Я не хотел получить насморк, но и воспринимать дальше в таком обилии факты, которым не было, нет и, кажется, просто не могло быть никакого разумного объяснения, этого я тоже больше не хотел. Считается, что чем больше поставлено экспериментов, тем скорее на них найдется управа, то бишь теоретическое объяснение. Эксперименты (не совсем ясно, правда, кем поставленные) сыпались на меня в последнее время, как из рога изобилия. Что же касается теоретического их обоснования, скажем еще откровеннее, просто хоть какого-нибудь объяснения, то оно только начинало брезжить в моем нетренированном на подобные калькуляции мозгу.

Фактов было предостаточно, но никогда не знаешь, какой из них будет решающим щелчком, от которого вздрогнет оцепеневшая было догадливость. Сережа между тем продолжал:

– В общем, закончил он шикарным периодом. Шокированной публике было сообщено, что в ближайшие дне у «математиков» будет наведен порядок. Затем он любезно сообщил, что мы не в детском саду и его вообще не интересует, есть ли у нас машина, магнитные ленты и прочее. Мы должны отлаживать программы. Вот так! А как, где, на чем – это все разговорчики. Понимаешь? Это мы для отвода глаз к нему со всем этим пристаем. А на самом деле просто сачкуем потихоньку. Но с этим, мол, пора кончать.

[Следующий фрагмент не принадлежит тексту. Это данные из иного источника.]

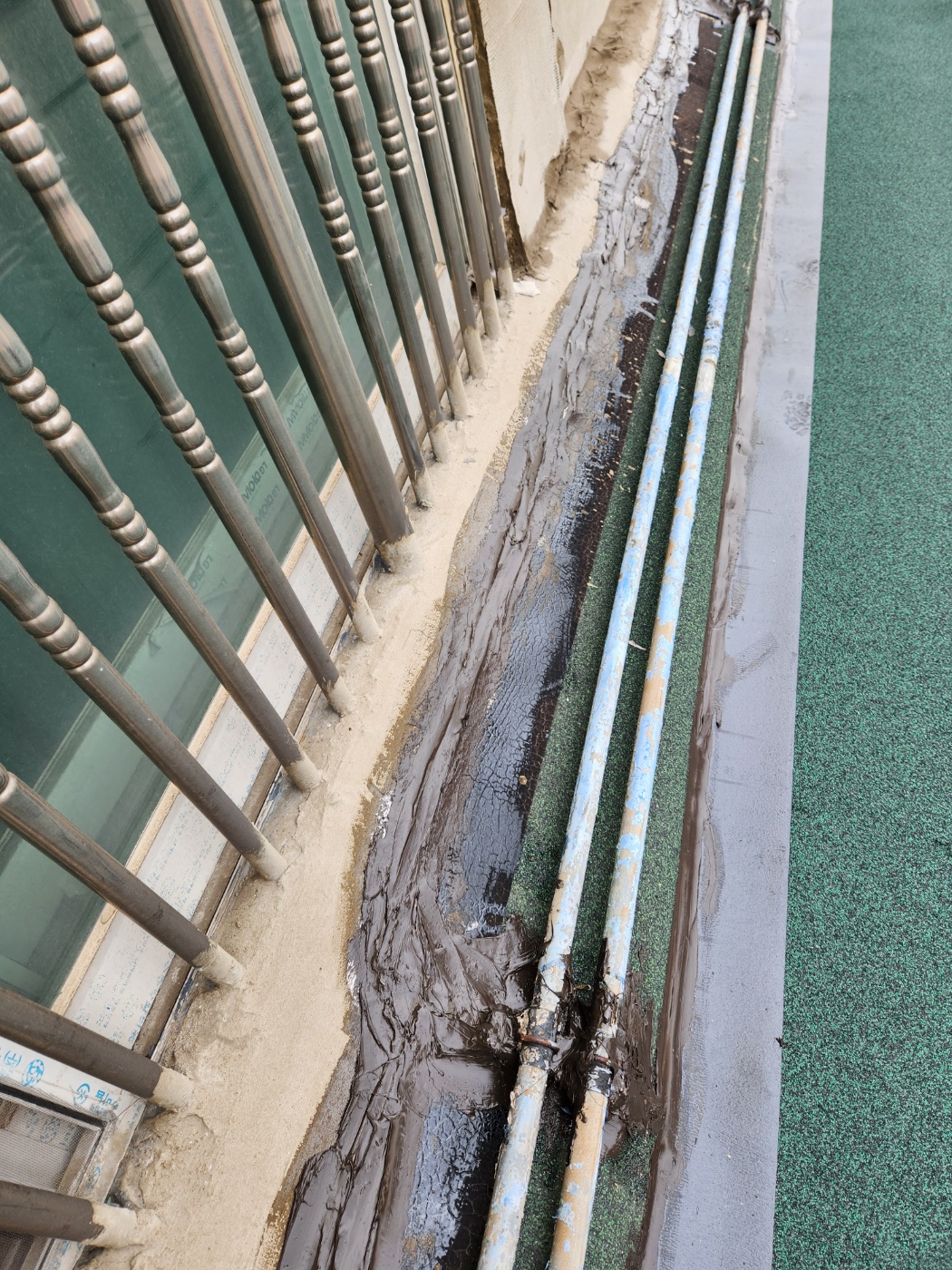 지붕상태 확장베란다 샌드위치판넬 상태입니다.판넬에서 비가 새는 문제가 발생하여 방수시트 설치 지붕공사 작업을 진행한 흔적이 보입니다.방수시트는 지붕자재를 설치하기전 내장재로 설치하는 방수자재 입니다.내장재를 외부에 설치하면 빠르게 변질 변형 부식이 발생하여 방수기능이 소멸되는 문제가 발생합니다.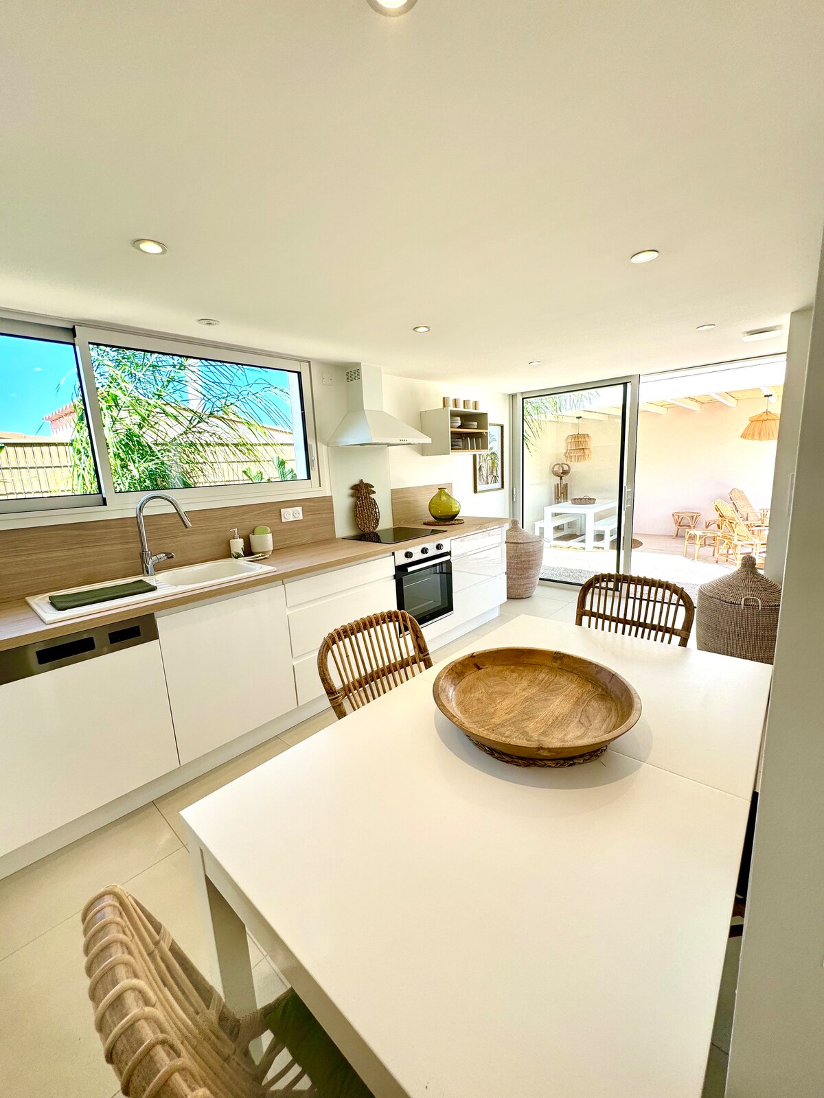 Situado en el corazón del Village des Sables, residencia segura en Torreilles Plage en un entorno único y protegido clasificado como Natura 2000. Acceso directo a la playa situada a 200 m. Villa con encanto de arquitectura atípica totalmente renovada Cuenta con un agradable jardín cerrado con terraza de madera zona de relax y terraza de madera zona de comedor a la sombra con plancha eléctrica Las riquezas del interior del país catalán, de la costa roja (Colliure, Banyuls) ofrecen innumerables escapadas.

– Ладно, Серж. Все более менее ясно. А что Лиля?

– Что Лиля, что Лиля? Пойди ее и спроси.

– Ну ладно, это все понятно. Ты мне скажи, Серж, для чего это Борисов все делает?

– Что именно?

– Да вот это все. Зачем здесь Телешов? И что за идиотская игра: Борисов без конца подгоняет меня, нашептывает разные посулы, перспективы и тут же ничего не делает, чтобы действительно ускорить работу. Вернее, делает все, чтобы ее развалить. Собирал, собирал людей, а теперь… Что ж он, не понимает, что его линия – на наше уничтожение?

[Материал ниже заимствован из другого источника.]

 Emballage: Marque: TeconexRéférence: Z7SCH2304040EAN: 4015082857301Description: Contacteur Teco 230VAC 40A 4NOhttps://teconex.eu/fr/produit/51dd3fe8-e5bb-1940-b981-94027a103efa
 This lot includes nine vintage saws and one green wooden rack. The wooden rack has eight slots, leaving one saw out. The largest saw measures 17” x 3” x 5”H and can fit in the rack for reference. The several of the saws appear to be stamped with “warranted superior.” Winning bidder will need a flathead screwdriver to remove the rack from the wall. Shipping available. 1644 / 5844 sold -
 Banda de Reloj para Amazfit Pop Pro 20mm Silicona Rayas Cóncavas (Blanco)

– Не понимает, наверное. А в общем, Геныч, я сюда пришел не для изучения психологии начальства. Ты, когда со мной говорил, обещал плюс двадцать и хорошую задачу. С перспективкой. Плюс двадцать я получил. Задачу тоже. Машины, правда, здесь хреновые, да и Телешов – типчик тот еще. Но пока работать можно. Когда станет нельзя – поговорим.

С перспективкой! Это уж точно, с перспективкой. Только для кого? И с какой?

В ту ночь я почти не мог работать. И, как бы идя навстречу пожеланиям трудящихся, машина была в отвратительном состоянии. Шли бесконечные сбои магнитной ленты. Через одну, две, максимум через две с половиной минуты рабочего времени. Я переставлял ленты со шкафа на шкаф, менял коммутацию, а в основном включал блокировку сбоя и гнал, гнал программу дальше. Это была, конечно, липа: при блокировке сбоя машина могла работать и при самых невероятных залепах в программе. Но в ту ночь, после диалогов с Лилей Самусевич и Сережей Акимовым, я почти не мог работать. Как спринтер, приявший низкий старт, я весь уже был устремлен к завтрашнему сражению (именно так мне это представлялось) с Борисовым.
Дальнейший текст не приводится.